JUAN GONZALEZ: While discussions continue over the possible nomination of Senator Hillary Clinton as the next Secretary of State, President-elect Obama’s transition team announced Wednesday that Tom Daschle, the former Senate Democratic Leader, will be named secretary of Health and Human Services.

As speculation abounds over who President-elect Obama will name to key cabinet positions, we look at some of the central figures advising Obama, many of whom are leading candidates for posts in the next administration.

The website Politico reported last week that thirty-one out of forty-seven people named so far to transition or staff posts have ties to the Clinton administration. Today, we host a discussion on what this means for Obama’s mandate for change.

AMY GOODMAN: Jeremy Scahill is the award-winning investigative journalist, Democracy Now! correspondent and author of the international bestseller Blackwater: The Rise of the World’s Most Powerful Mercenary Army. He has just written a piece that’s been published on AlterNet.org; it’s called “This Is Change? 20 Hawks, Clintonites and Neocons to Watch for in Obama’s White House.” He joins us here in our firehouse studio.

And we’re joined by telephone by David Corn, the Washington bureau chief of Mother Jones. He’s just written a piece on Mother Jones

’s blog called “The Agents of Change on Obama’s Transition Team.”

We welcome you both to Democracy Now! David Corn, let’s begin with you. Who are these agents of change?

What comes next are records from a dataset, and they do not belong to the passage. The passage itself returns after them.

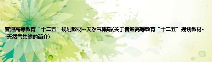 本文关于普通高等教育“十二五”规划教材--天然气集输的简介就讲解完毕,希望对大家有所帮助。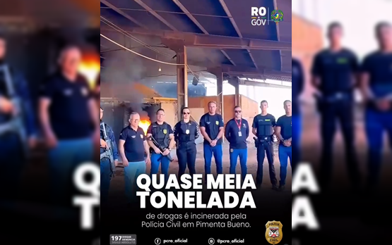 A Polícia Civil de Rondônia realizou, nesta terça-feira (15), a incineração de aproximadamente meia tonelada de entorpecentes apreendidos ao longo do ano de 2025 no município de Pimenta Bueno e região.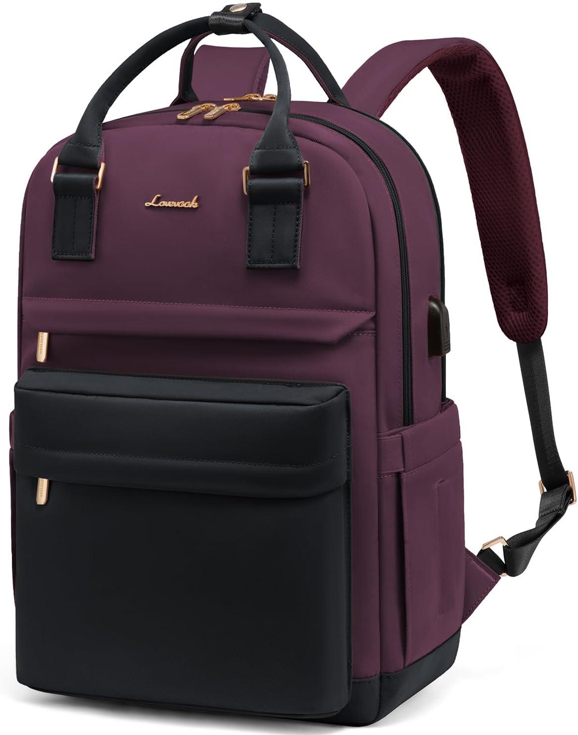 LOVEVOOK Laptop Backpack for Women Men 15.6 Inch Laptop Bag with USB Port Fashion Waterproof Backpacks Teacher Nurse Stylish Travel Bags Vintage Daypacks Bookbag for College School Work(Black & Dark Purple)
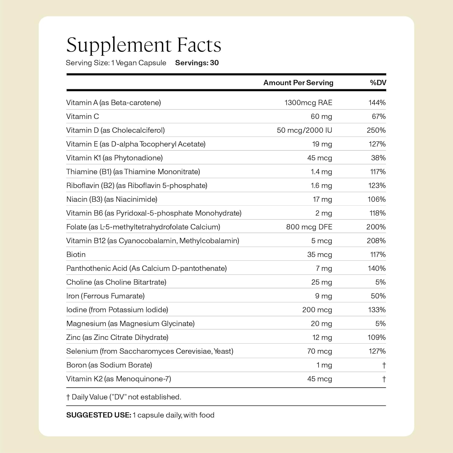 ENERGY MAINTENANCE: B vitamins are critical to energy metabolism because they help convert fat and protein into energy, and almost every cell in the body uses B12. Anya’s postnatal includes the most bioavailable forms of B vitamins for optimal absorption.

DAVID CORN: Well, I looked at the people who have been announced so far who are making up the transition team, those who are conducting the reviews at the agencies. There are about 130 of them. And I’ve noted that a lot of them are exactly the type of people you’d think they’d be, the type of corporate lawyers in Washington who bounce between government jobs and private-sector jobs, you know, some who’ve worked at Fannie Mae, some who’ve worked at corporate law firms, and then they worked at the Senate and then go back and forth. A lot of them used to work in the Clinton administration.

But in addition to those sorts of people on the transition team, I noted there were a bunch of people who have been progressive public policy advocates, academics and other experts, who have spent their whole adult careers devoted to policy making, not necessarily to going between government and private sector and making a bunch of money.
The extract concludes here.